Member of the Philippine House of Representatives from Rizal's 1st District
- In office June 30, 2016 – June 30, 2025
- Preceded by: Joel Duavit
- Succeeded by: Mia Ynares
- In office June 30, 2001 – June 30, 2010
- Preceded by: Gilberto Duavit Sr.
- Succeeded by: Joel Duavit

Personal details
- Born: Michael John Roy Duavit February 20, 1970 (age 56)
- Party: NPC (2001–present)
- Parents: Gilberto Duavit Sr. (father); Vilma Roy-Duavit (mother);
- Relatives: Gilberto Duavit Jr. (brother) Karl Roy (cousin)
- Education: De La Salle University
- Occupation: Politician

= Jack Duavit =

Filipino politician (born 1970)

Michael John "Jack" Roy Duavit (born February 20, 1970) is a Filipino politician, businessman and former audio engineer who served as the representative of Rizal's 1st congressional district from 2016 to 2025, and previously from 2001 to 2010. He has served as a party leader of the Nationalist People's Coalition (NPC) since the 2000s. Duavit was elected to the board of directors at GMA Network in 2015.

==Early life==
Duavit was born on February 20, 1970. He is the youngest son of former Rizal 1st District representative Gilberto Duavit Sr. and Vilma Roy. He is also the brother of former Rizal 1st District representative Joel Duavit, GMA Network president and CEO Gilberto Duavit Jr., and Judith Duavit-Vasquez. Duavit graduated from his primary education from Xavier School, and his secondary education from the Ateneo de Manila.

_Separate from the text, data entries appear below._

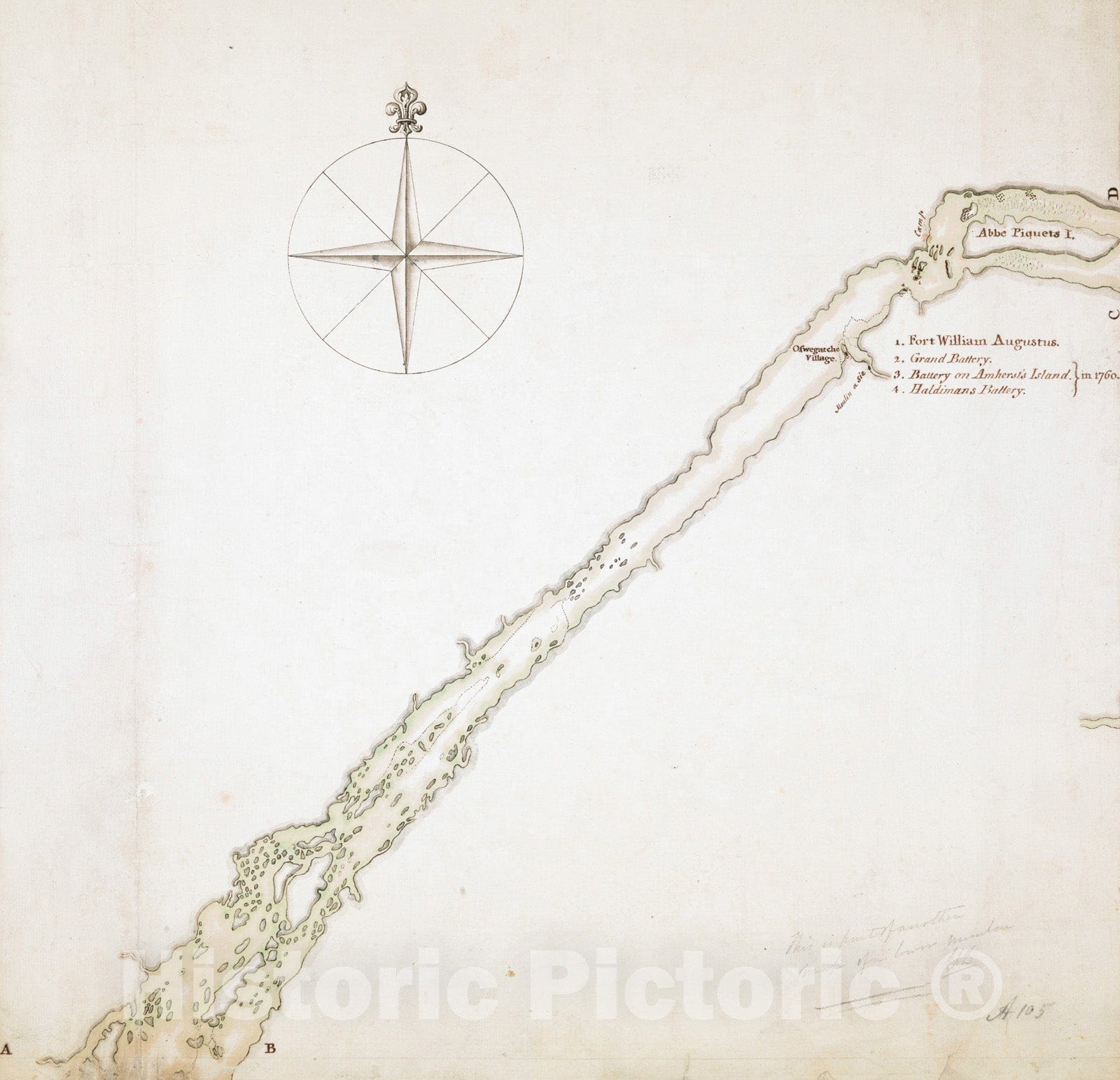 Historical Map, c.1760 Lake Ontario & River S.t Laurence from The Lake to Fort William Augustus in Three Rivers, This was Taken from a French Draft, Vintage Wall Art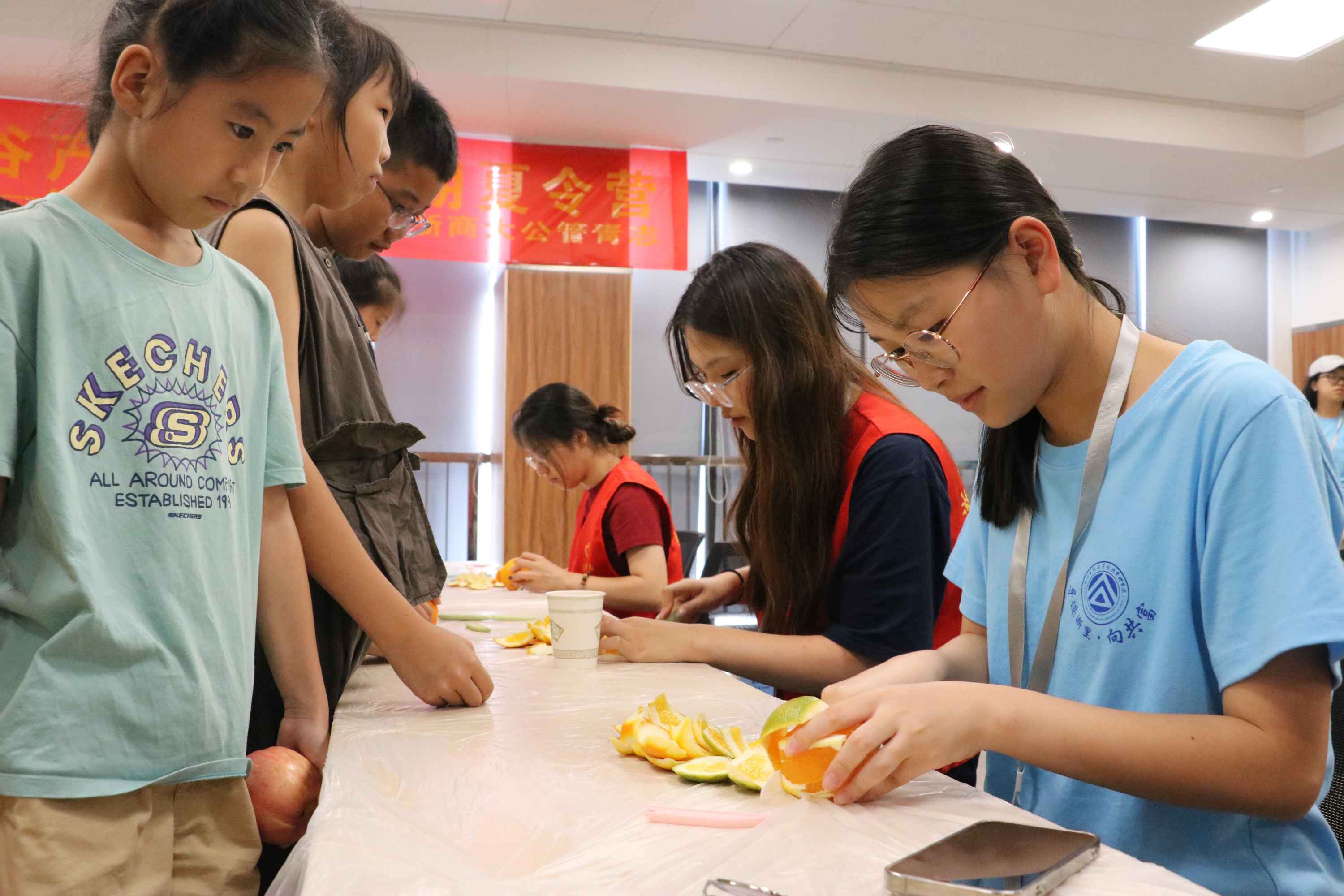 “慧啟青苗,‘工’富‘童’行”實踐隊協助小朋友切水果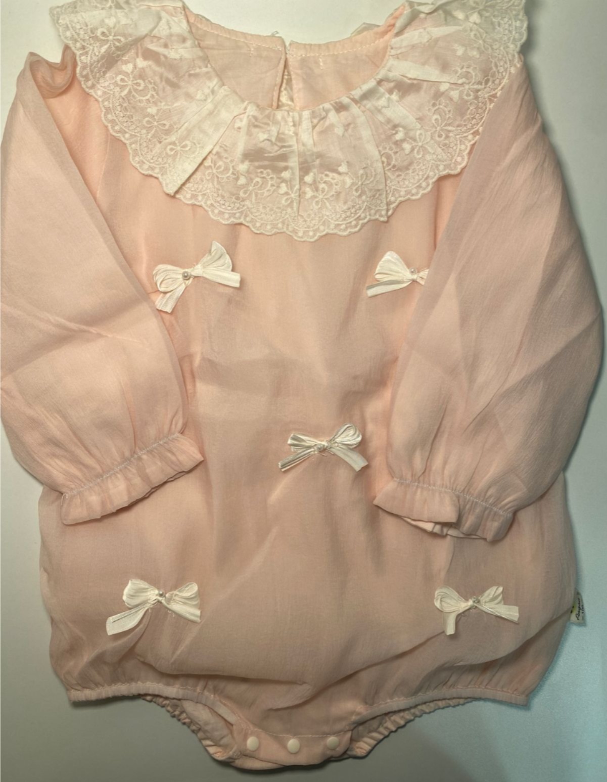 Possui gola ampla com renda, mangas longas com elástico suave e aplicação de pequenos laços com pérolas, trazendo um toque clássico e sofisticado.

In De La Salle University, he earned his Bachelor of Science and Commerce major in Marketing Management. He also held a Recording Arts Engineering Degree at Full Sail Center for the Recording Arts Management Information Technology Program.

==Business career==
In his early career, he was the chairman, president and CEO of MRD Holdings & Investments. He was also the chairman and managing director of Puresound Trading, Inc.

Duavit managed as director for several private institutions, such as GMA Network Inc., Vigil Inc., Citynet Television, Inc., Rosmar Holdings, Inc. GMA New Media, Inc., and Social Investments Fund at Group Management & Development, Inc. Duavit was also the trustee of GMA Foundation, Inc., and Guronasyon Foundation, Inc.

==Political career==
A native of Binangonan, Rizal, Duavit ran in the 2001 local elections for the position of district representative for the 1st District of Rizal under the Nationalist People's Coalition and eventually won the seat. During his first full term, he served as the vice chairman of the House Committee on Economic Affairs, House Committee on Appropriations, and House Committee on Trade and Industry.

While on office, he received awards such as the "Youngest Delegate to represent a Major Political Party (NPC) from the First Philippine Political Parties Conference" and being voted as one of the "Top 20 New Congressman".

In the 2016 local elections, he again ran for the position of district representative for the 1st District of Rizal after being term-limited. Duavit managed to beat former Philippine Airlines president Avelino Zapanta and PDP-Laban candidate Willfrido Naval.

In the 2019 local elections, he ran for his fifth term, going against PDDS candidate Catalino Dazo. He won a landslide victory against him.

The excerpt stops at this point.